Донат воспрянул. Палач меж тем усердно готовился, его разжигало и слегка лихорадило. Он одного испугался вдруг: как бы не опозориться, не показаться смешным. Это его пугало всю жизнь. Судорожно глотая крупным острым кадыком и уже прея под ранним ярым солнцем, Сумароков через голову стянул поддевку, оправил кумачовую рубаху с черной опояской, все складки согнал назад и сам себе показался ладным, молодым и стройным. Когда проходил мимо Доната, не удержался и прошептал с радостным вызовом:
– Помучаю, но засеку. Молись пуще, богохульник.
– За тебя молюся, Июда! Чтобы рука твоя не отсохла, но могла справить нужду.
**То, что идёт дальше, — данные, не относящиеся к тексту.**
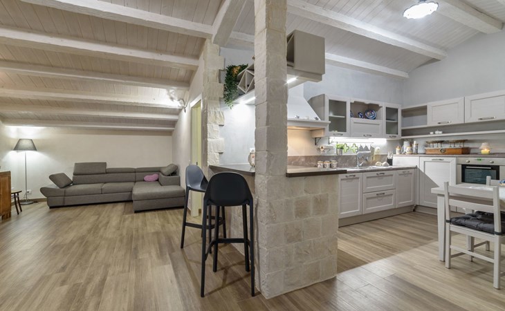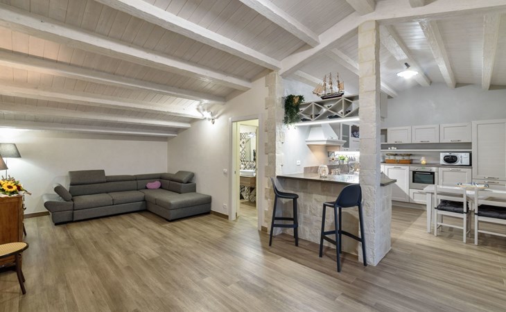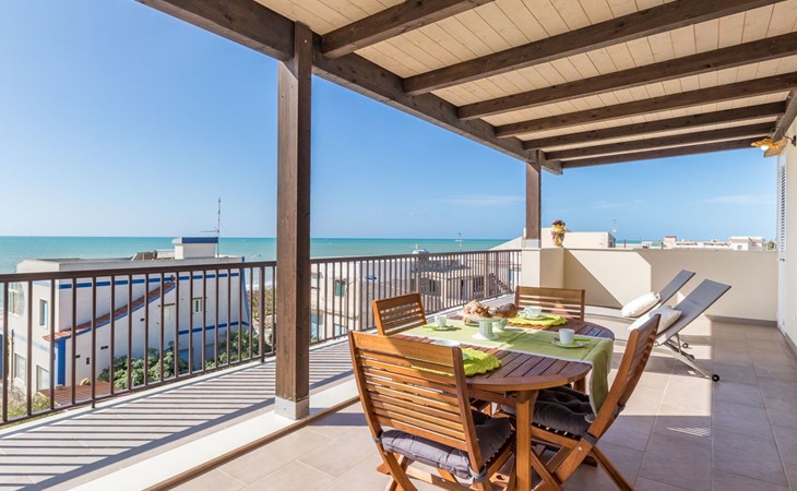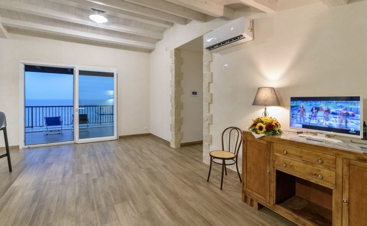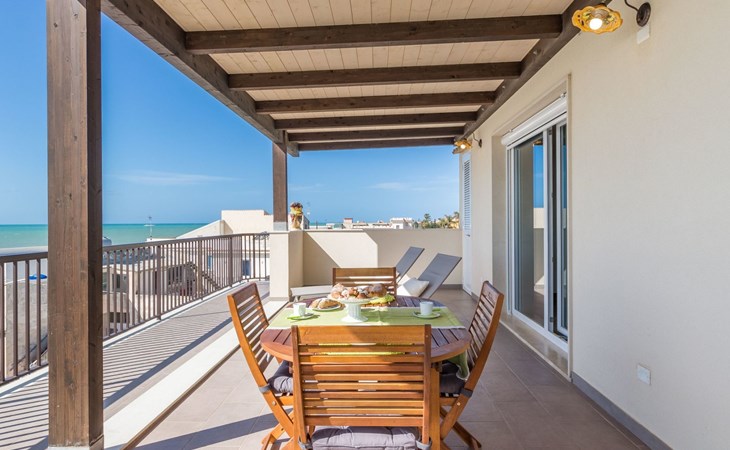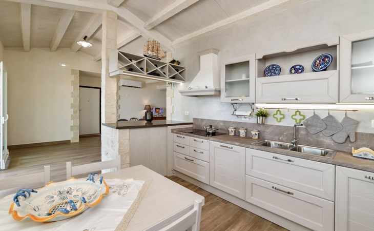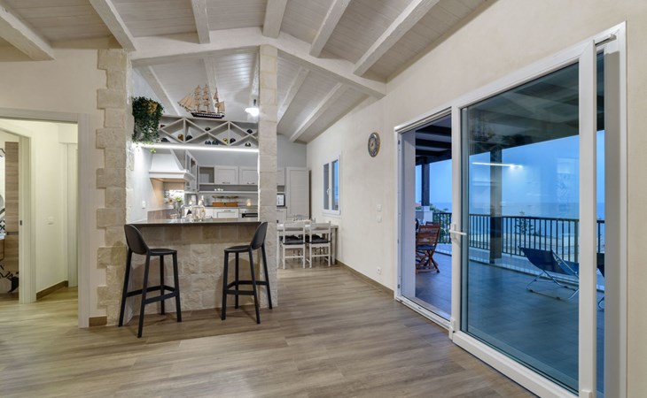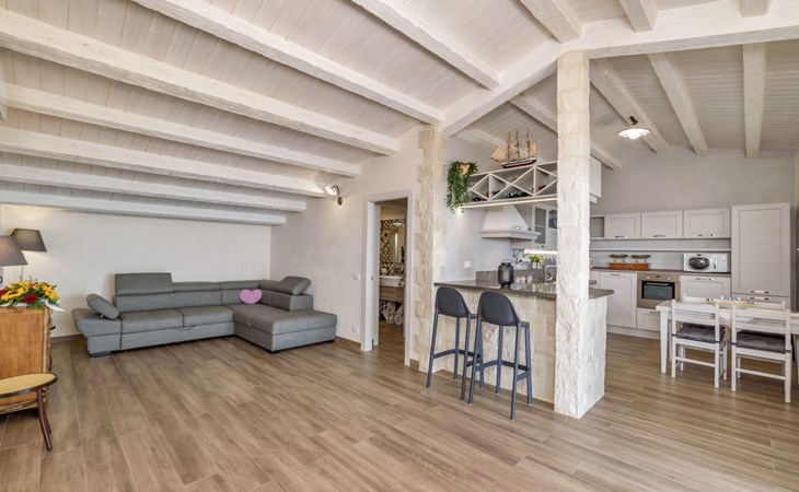 Das Appartement befindet sich im zweiten Stock und bietet wunderschöne Ausblicke auf das Meer und die Küste von Donnalucata. Es wurde erst kürzlich renoviert und mit Sorgfalt im modernen Stil mit antiken Möbeln ausgestattet.
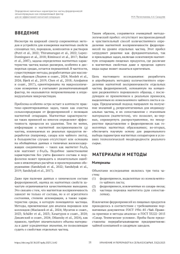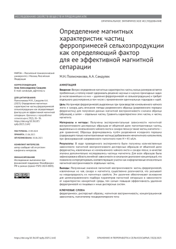 Введение: Вопрос определения магнитных характеристик частиц малых размеров остается проблемным, а потому может сдерживать решение научных и научно-прикладных задач (в числе важнейших из них - удаление ферропримесей из сельхозпродукции) и требует отдельного рассмотрения, в том числе с привлечением оригинальных подходов и идей.

Палач стоял спиной к Донату, он медленно складывал поддевку, поверх ее мерлушковую шапку. Палач раздумывал, подыскивая такие слова, чтобы они оказались больнее плети.
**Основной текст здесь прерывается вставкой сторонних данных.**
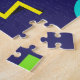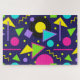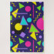 Este é um motim de formas e cores brilhantes sobre um fundo azul marinho.
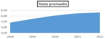 El análisis del promedio anual de alumnos aprobados, a partir de los datos del sistema SISINFO (Sistema de Información- UNRC), evidencia una mejora progresiva en las calificaciones entre los años 2018 y 2022. La nota promedio fue de 5,41 en 2018, 5,45 en 2019, 6,06 en 2020, 6,23 en 2021 y 6,31 en 2022 (Gráfico 3). Sin embargo, es necesario aclarar que la comparación del porcentaje de aprobación en los exámenes finales entre los años anteriores y posteriores a la implementación del proyecto, no puede realizarse de manera directa, debido a que muchos estudiantes que se presentaron a rendir el examen final de la asignatura pertenecen a cohortes previas a la innovación, ya que durante la pandemia (por sugerencias institucionales) se otorgaron extensiones de regularidad, y un número considerable de inscriptos no se presentó a rendir. Por ello, aunque los promedios de notas muestran mejoras, estas deben interpretarse con cautela respecto a su relación directa con la implementación del proyecto.
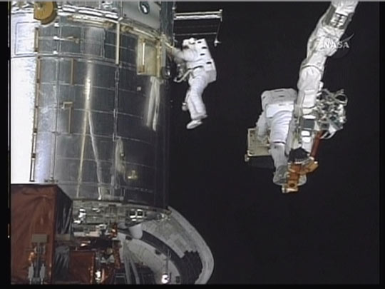 美国航天局18日发布消息说,“阿特兰蒂斯”号航天飞机上两名宇航员当天进行太空行走为哈勃太空望远镜更换了三块电池、一个恒星追踪传感器以及热屏蔽罩,完成了对哈勃的最后一次维护工作。美国航天局公布的视频截图显示两名宇航员正在对哈勃太空望远镜进行维护工作。
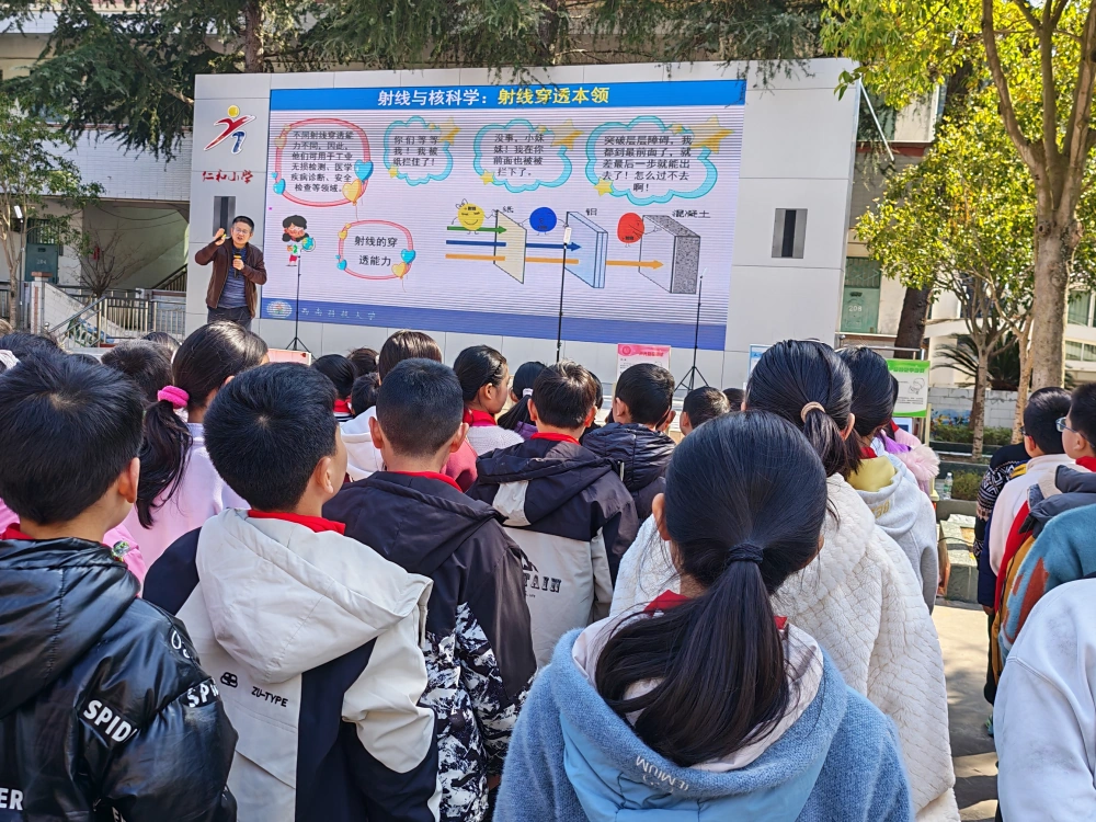 随后,西南科技大学杨玉山教授带来《神秘的核科学》科普讲座。杨教授用生动的比喻和动画视频,将深奥的核裂变原理变得通俗易懂。在提问环节,孩子们争相举手:“核废料怎么处理?”“核电站会爆炸吗?”杨教授一一耐心解答,并鼓励大家努力学习,未来投身科学研究。
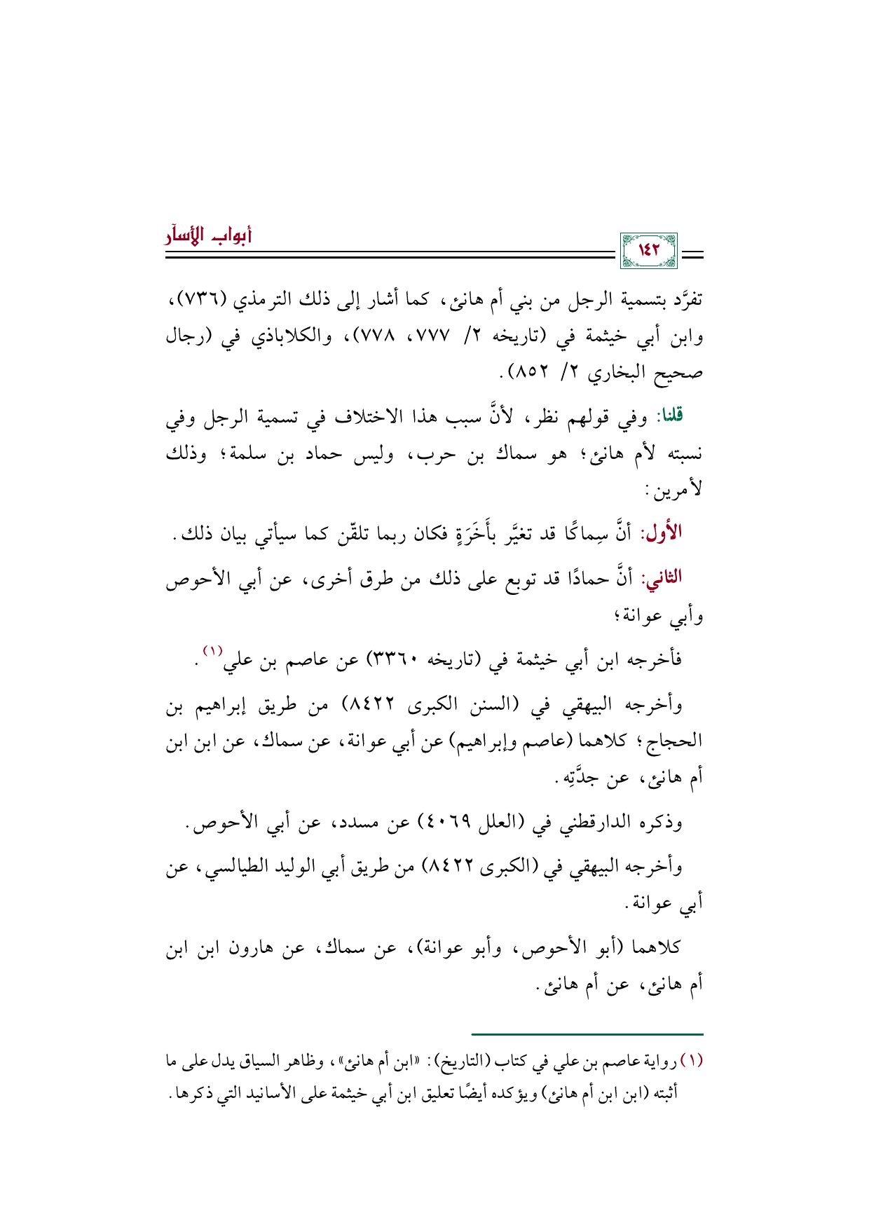 قلنا: وفي قولهم نظر، لأنَّ سبب هذا الاختلاف في تسمية الرجل وفي نسبته لأم هانئ؛ هو سماك بن حرب، وليس حماد بن سلمة؛ وذلك لأمرين:
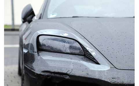 これまで捕捉したプロトタイプでは、リアクォーターウィンドウのラインの形状をフェイクボディと厚手のビニールで隠していたが、ほぼ実物の姿を見ることができたと言える。だが、テスト車両は依然としてフェイククロームトリムで輪郭を覆い隠しており、911を偽装しているかのようだ。
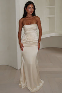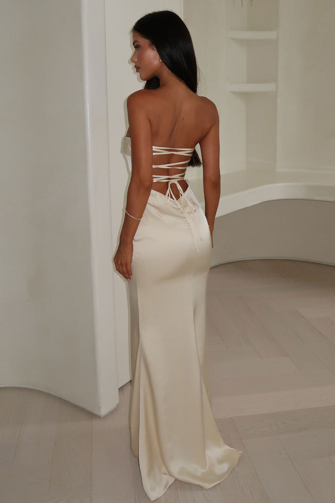 Ophelia Strapless Embellished Satin Maxi Dress - Champagne
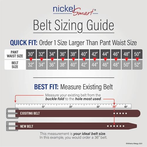 • SIZING TIPS: Measure your current belt from the hole used most to the buckle fold, not including the buckle. This length, in inches, is the size Nickel Smart belt you should order. See the sizing chart graphic for more detail.
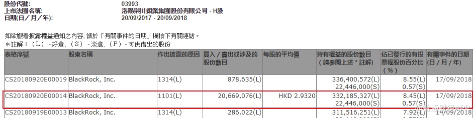 智通财经APP获悉,根据联交所资料显示,贝莱德于9月17日增持洛阳钼业(03993)2067万股,每股作价2.93元,总值6060万元,最新持股量增至8.45%。
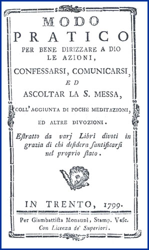 | Modo pratico per bene dirizzare a Dio le azioni, confessarsi, comunicarsi, ed ascoltar la s. messa, coll'aggiunta di poche meditazioni, ed altre divozioni. Estratto da varj libri divoti in grazia di chi desidera santificarsi nel proprio stato |

– Не отсохнет моя рука, еретик, – сказал он свистящим шепотом и, приблизившись к позорному столбу, стал упорно разглядывать арестанта. – Потому не отсохнет, что Бог мне в помощь.
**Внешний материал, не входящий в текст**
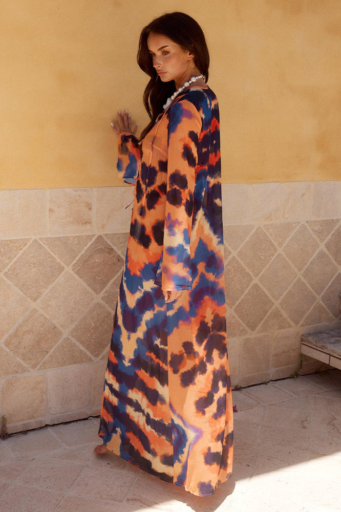 Get ready to slay the beach game with our Velzy Cover Up, featuring a fierce saber print that will make you stand out. Made with flowy fabric, it's the perfect way to cover up while still looking stylish. Complete the look with our Malakai One-Piece in Saber Print! Say goodbye to boring cover ups and hello to beach fashion!
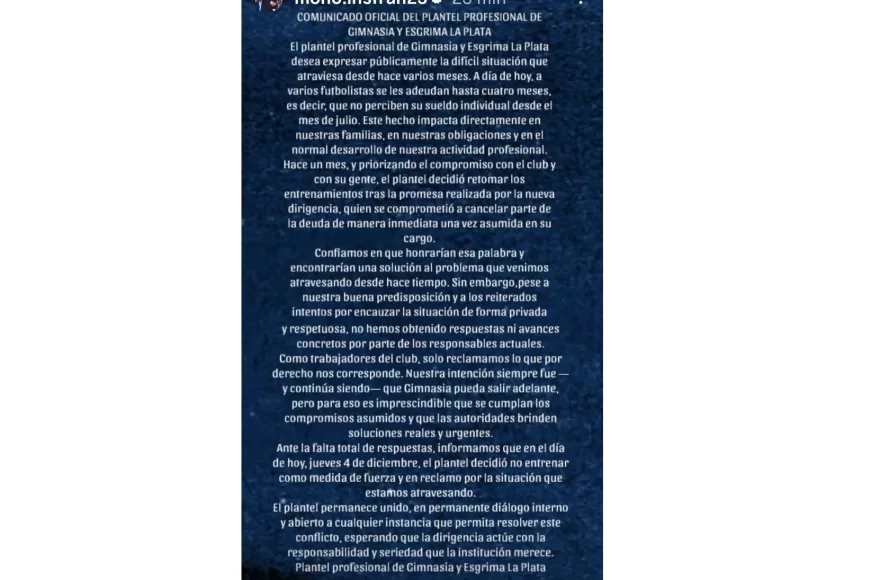 En la tarde de este jueves 4 de diciembre, el plantel profesional de Gimnasia y Esgrima La Plata difundió un comunicado oficial en el que expone la delicada situación económica que atraviesa el equipo desde hace varios meses y anuncia una medida de fuerza ante la falta de respuestas de la dirigencia.
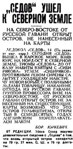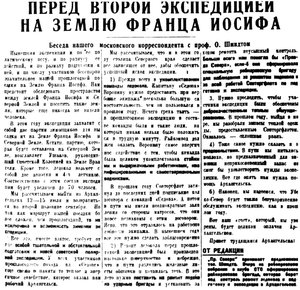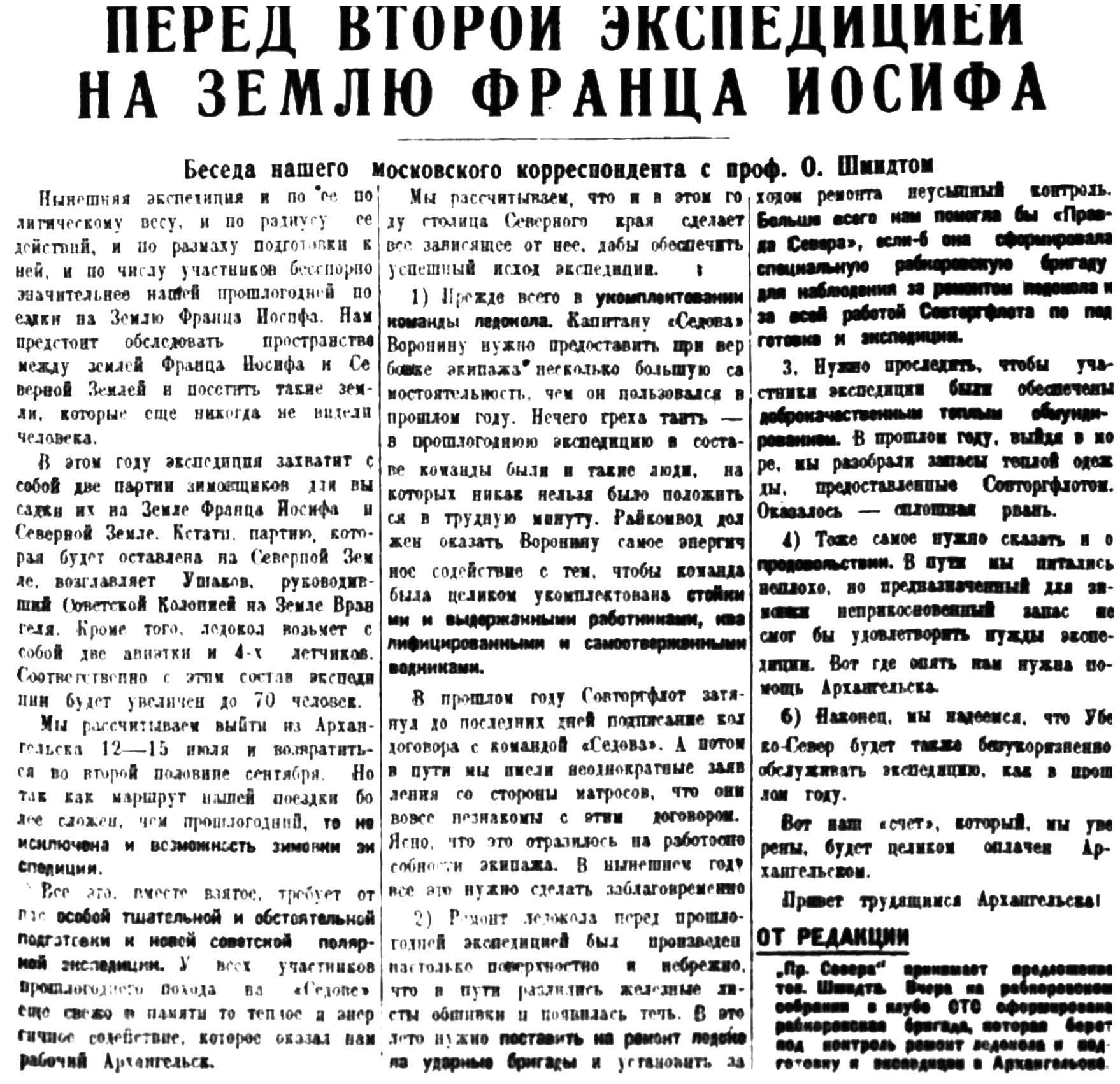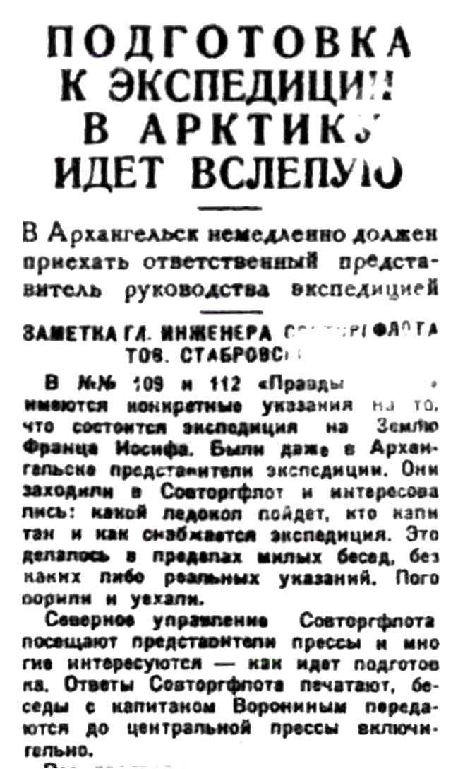 В №№109 и 112 "Правды Севера" имеются конкретные указания на то, что состоится экспедиция на Землю Франца Иосифа. Были даже в Архангельске представители экспедиции. Они заходили в Совторгфлот и интересовались: какой ледокол пойдет, кто капитан и как снабжается экспедиция. Это делалось в пределах милых бесед, без каких либо реальных указаний. Поговорили и уехали.

Народ заметил что-то неладное, загомонил, зашевелился, кидая взоры на жандармов. На веку такого не было, чтобы палач во время казни вел беседы с осужденным. И не то досадовало, что разговорились двое на помосте, тянули время, но то, что не слыхать было их крепких слов. А говорили, видать, ненавистно, ибо оба вдруг ожили, переменились. Палач опомнился, торопливо открыл коробку, где лежали орудия казни, понес по краю платформы, показал ее ушастому полицейскому чиновнику, потом вынул два длинных ремня с пряжками и крученую треххвостую плеть. Плеть развернул с шиком и проволок по доскам, показав толпе ее жесткое, гибкое тело. В этом хвастливом движении было тоже что-то сладострастное, похотливое, и Донат, глядя на ползущую черную змею, на тонкие побелевшие пальцы палача, понял вдруг, что смерть, однако, явилась. Донат готовился к ней всю жизнь, и, когда она приблизилась вплотную, он вдруг растерялся. Плоть вышла из повиновения души, плоти хотелось жить. «Господи, помоги выстоять», – вдруг взмолился Донат, но отчего-то с последними словами мысленно обратился к безликой, но глазастой толпе; ему вдруг почудилось, что народу жалко страдальца, он скорбит, он плачет вместе с ним, что смерти-то он не желает.
Палач все так же ходил по эшафоту размеренно, неторопливо, он играл на сцене один и сам выстраивал драму по своему разумению. Палач и король в одном лице соединились: он мог миловать, мог и в гроб вогнать. Никто во всем мире не мог сейчас остановить палача, дать меру его гибкой руке и жалости окоченевшему сердцу. Палач вошел в роль и поразился тому истинному глубокому наслаждению, что вдруг овладело им. Он налаживал дыбу, устанавливая ее под назначенным углом, – и это доставляло сладостное чувство. Он будто к недозволенной прекрасной женщине сейчас пробирался в спальню, робея слегка, но и млея оттого лишь, что никто его не схватит за руку и не осудит. Ему ремесло надо показать, похвалиться уменьем, развлечь толпу, вызвать из разомлевшей несчастной утробы, распяленной на кобыле, такой собачий вой пощады, который бы пробил все закутки Торговой площади и отозвался бы в каждой заблудшей душе, втайне помышляющей о грехе.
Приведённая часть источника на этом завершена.